Work to be completed: What you should give back is a precise copy of the lines below from the one containing "大きな地震災害に襲われた際に" through the one containing "1、智能移动设备边界安全控制", with no pictures.

%%

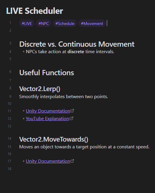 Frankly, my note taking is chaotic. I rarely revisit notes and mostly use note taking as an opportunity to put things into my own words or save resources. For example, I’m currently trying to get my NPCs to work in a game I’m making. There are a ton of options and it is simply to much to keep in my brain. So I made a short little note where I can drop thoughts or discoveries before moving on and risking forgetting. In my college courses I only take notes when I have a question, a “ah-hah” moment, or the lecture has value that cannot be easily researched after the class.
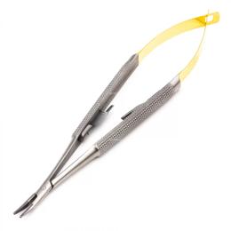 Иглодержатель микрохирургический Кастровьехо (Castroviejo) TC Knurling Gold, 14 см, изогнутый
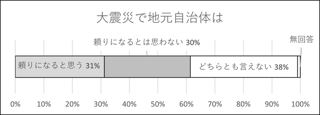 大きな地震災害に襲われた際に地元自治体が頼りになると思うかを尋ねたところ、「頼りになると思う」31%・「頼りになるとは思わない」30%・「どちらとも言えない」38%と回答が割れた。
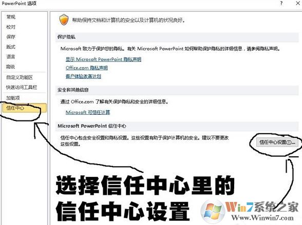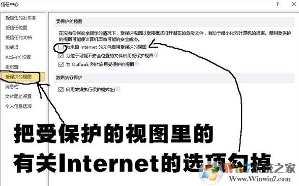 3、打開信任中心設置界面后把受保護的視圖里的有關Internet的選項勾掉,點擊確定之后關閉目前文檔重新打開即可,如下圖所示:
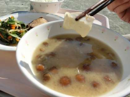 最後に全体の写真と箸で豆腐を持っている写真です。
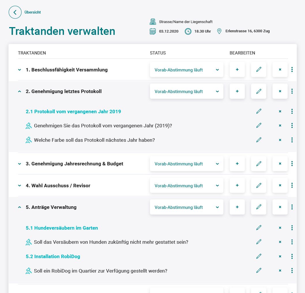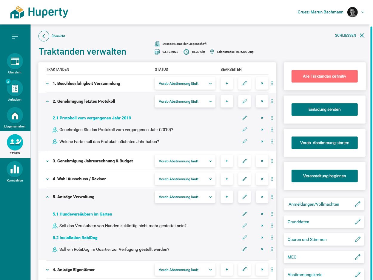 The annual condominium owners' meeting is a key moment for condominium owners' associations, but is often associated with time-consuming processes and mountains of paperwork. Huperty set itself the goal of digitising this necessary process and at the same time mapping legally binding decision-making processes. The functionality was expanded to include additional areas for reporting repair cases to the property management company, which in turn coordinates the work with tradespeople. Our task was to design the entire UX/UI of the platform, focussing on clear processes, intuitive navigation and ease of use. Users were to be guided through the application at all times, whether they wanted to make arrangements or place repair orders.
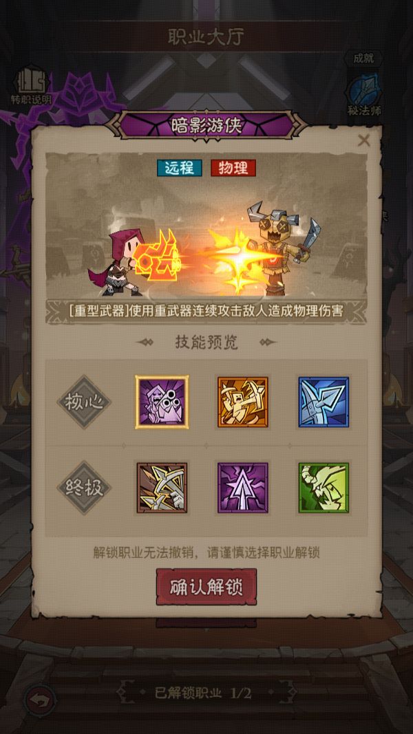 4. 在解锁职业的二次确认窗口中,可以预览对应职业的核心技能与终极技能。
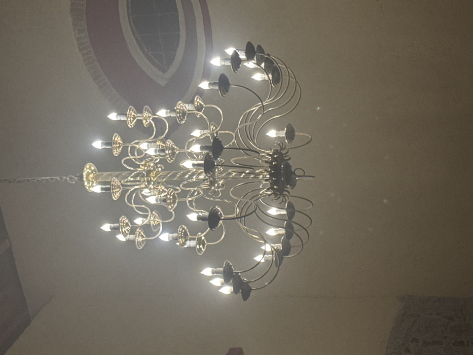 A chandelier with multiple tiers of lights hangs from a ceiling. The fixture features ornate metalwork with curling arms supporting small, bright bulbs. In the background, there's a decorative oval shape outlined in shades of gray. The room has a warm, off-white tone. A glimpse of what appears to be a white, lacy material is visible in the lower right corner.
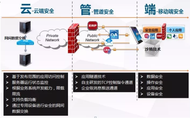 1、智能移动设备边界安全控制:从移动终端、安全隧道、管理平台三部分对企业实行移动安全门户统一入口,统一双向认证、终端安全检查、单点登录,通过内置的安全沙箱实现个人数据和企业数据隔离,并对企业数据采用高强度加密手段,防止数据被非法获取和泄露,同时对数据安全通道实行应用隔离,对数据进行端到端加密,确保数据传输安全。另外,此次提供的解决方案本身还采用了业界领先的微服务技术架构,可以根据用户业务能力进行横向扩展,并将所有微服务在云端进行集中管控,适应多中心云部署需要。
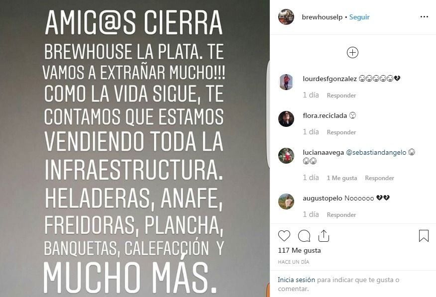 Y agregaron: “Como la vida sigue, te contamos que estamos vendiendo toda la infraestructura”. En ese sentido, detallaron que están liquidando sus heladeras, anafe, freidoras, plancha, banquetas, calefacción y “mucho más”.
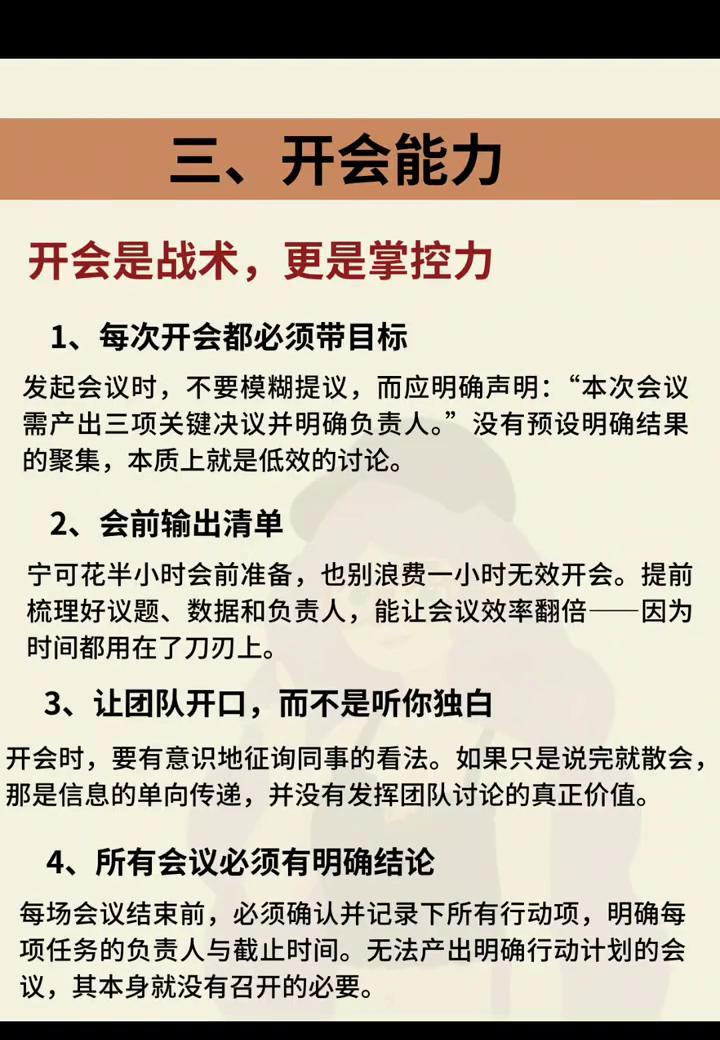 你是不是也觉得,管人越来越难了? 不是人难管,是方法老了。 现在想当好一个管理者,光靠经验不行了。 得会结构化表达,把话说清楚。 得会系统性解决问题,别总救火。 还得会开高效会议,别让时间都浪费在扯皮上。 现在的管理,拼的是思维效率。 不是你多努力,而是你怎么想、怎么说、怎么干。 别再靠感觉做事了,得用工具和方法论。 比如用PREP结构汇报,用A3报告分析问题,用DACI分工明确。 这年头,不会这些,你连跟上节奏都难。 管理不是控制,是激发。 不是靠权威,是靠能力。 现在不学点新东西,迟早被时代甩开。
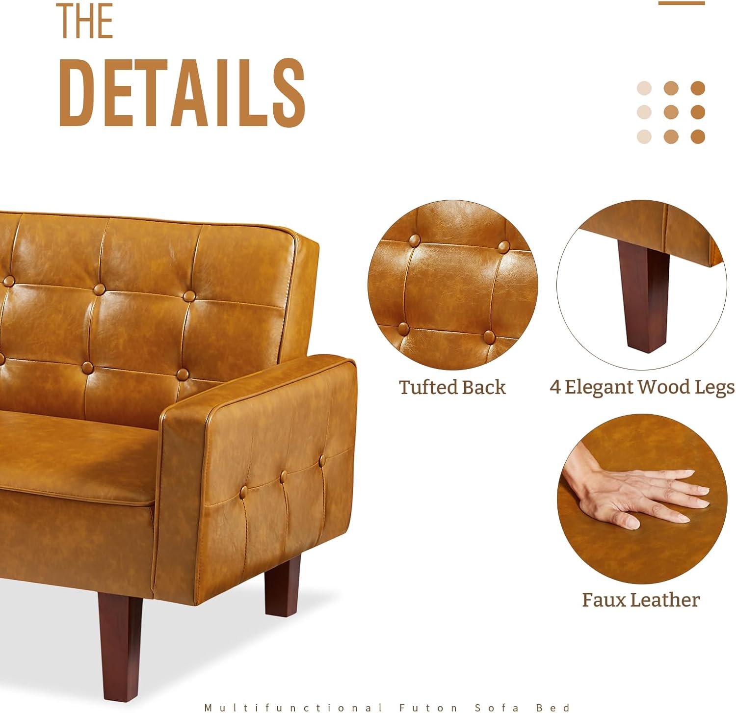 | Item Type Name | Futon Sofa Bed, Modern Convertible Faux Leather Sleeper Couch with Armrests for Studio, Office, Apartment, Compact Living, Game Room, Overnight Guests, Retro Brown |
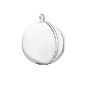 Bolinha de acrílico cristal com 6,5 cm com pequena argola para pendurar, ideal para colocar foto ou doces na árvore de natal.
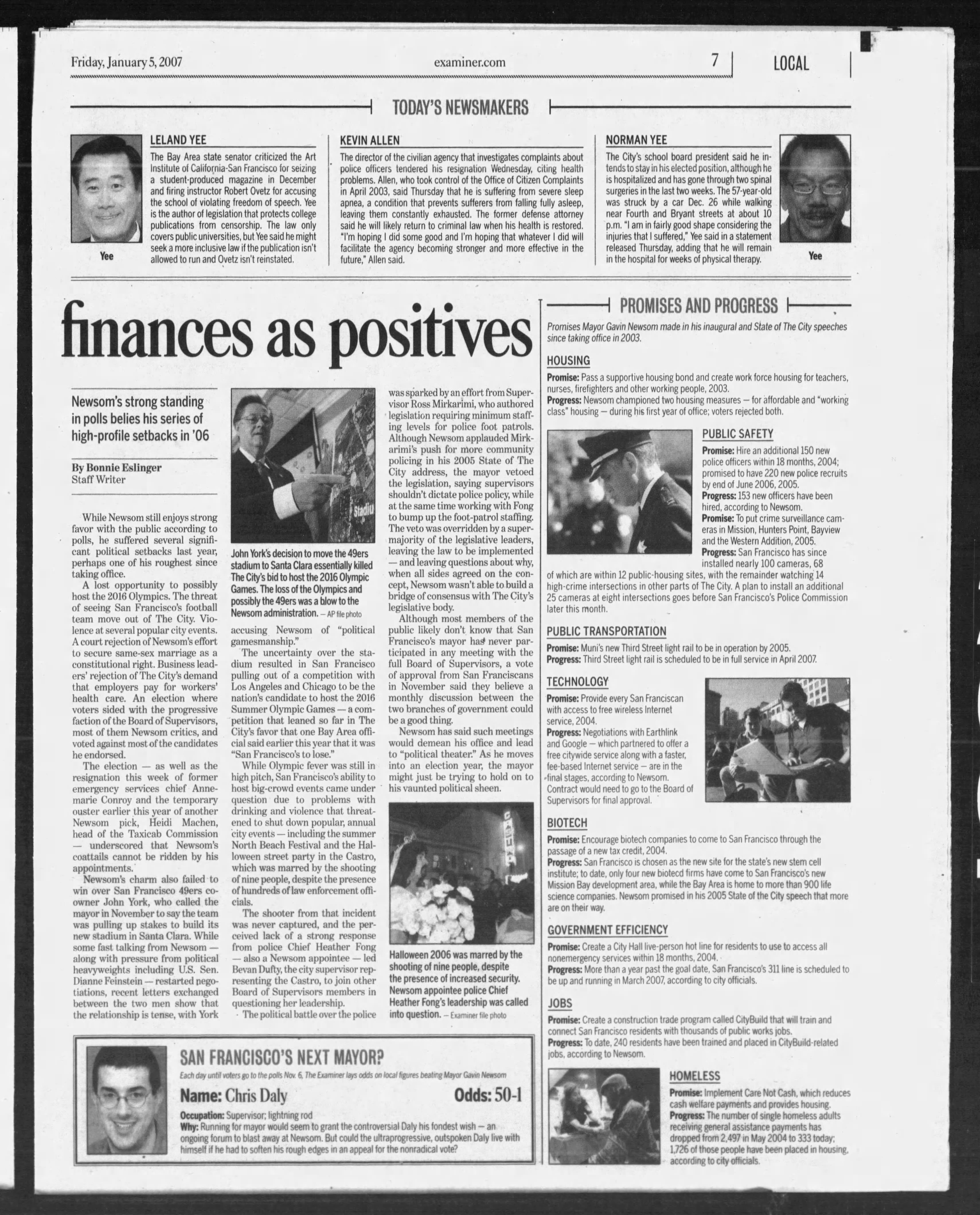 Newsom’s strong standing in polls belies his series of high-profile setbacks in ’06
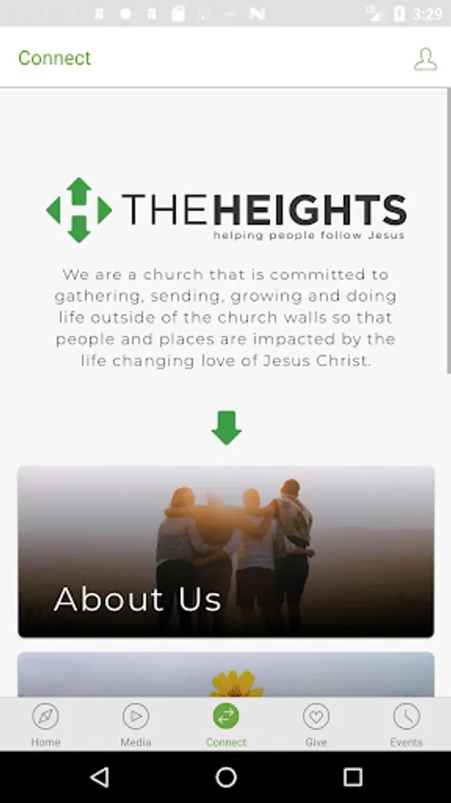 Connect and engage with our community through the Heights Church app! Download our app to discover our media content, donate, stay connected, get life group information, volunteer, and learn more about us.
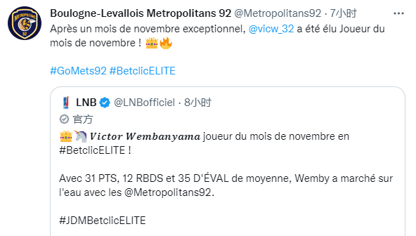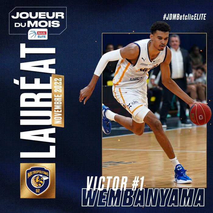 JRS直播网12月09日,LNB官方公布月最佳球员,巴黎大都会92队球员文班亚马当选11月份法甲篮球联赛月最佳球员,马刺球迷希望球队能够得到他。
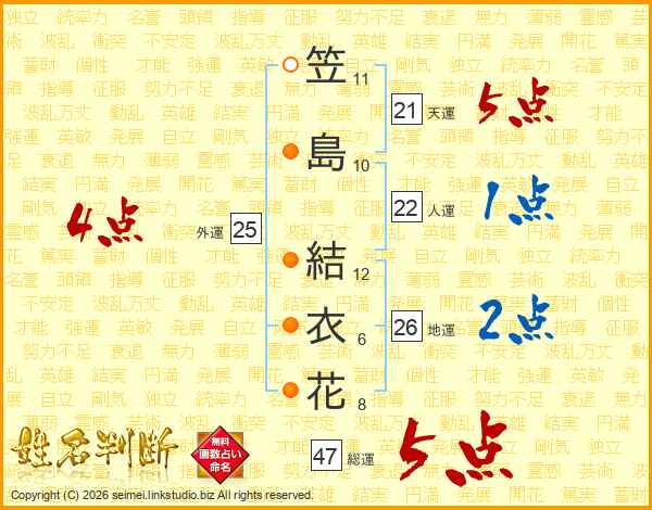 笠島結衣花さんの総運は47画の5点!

%%

Written answer:
 大きな地震災害に襲われた際に地元自治体が頼りになると思うかを尋ねたところ、「頼りになると思う」31%・「頼りになるとは思わない」30%・「どちらとも言えない」38%と回答が割れた。
 3、打開信任中心設置界面后把受保護的視圖里的有關Internet的選項勾掉,點擊確定之后關閉目前文檔重新打開即可,如下圖所示:
 最後に全体の写真と箸で豆腐を持っている写真です。
 The annual condominium owners' meeting is a key moment for condominium owners' associations, but is often associated with time-consuming processes and mountains of paperwork. Huperty set itself the goal of digitising this necessary process and at the same time mapping legally binding decision-making processes. The functionality was expanded to include additional areas for reporting repair cases to the property management company, which in turn coordinates the work with tradespeople. Our task was to design the entire UX/UI of the platform, focussing on clear processes, intuitive navigation and ease of use. Users were to be guided through the application at all times, whether they wanted to make arrangements or place repair orders.
 4. 在解锁职业的二次确认窗口中,可以预览对应职业的核心技能与终极技能。
 A chandelier with multiple tiers of lights hangs from a ceiling. The fixture features ornate metalwork with curling arms supporting small, bright bulbs. In the background, there's a decorative oval shape outlined in shades of gray. The room has a warm, off-white tone. A glimpse of what appears to be a white, lacy material is visible in the lower right corner.
 1、智能移动设备边界安全控制:从移动终端、安全隧道、管理平台三部分对企业实行移动安全门户统一入口,统一双向认证、终端安全检查、单点登录,通过内置的安全沙箱实现个人数据和企业数据隔离,并对企业数据采用高强度加密手段,防止数据被非法获取和泄露,同时对数据安全通道实行应用隔离,对数据进行端到端加密,确保数据传输安全。另外,此次提供的解决方案本身还采用了业界领先的微服务技术架构,可以根据用户业务能力进行横向扩展,并将所有微服务在云端进行集中管控,适应多中心云部署需要。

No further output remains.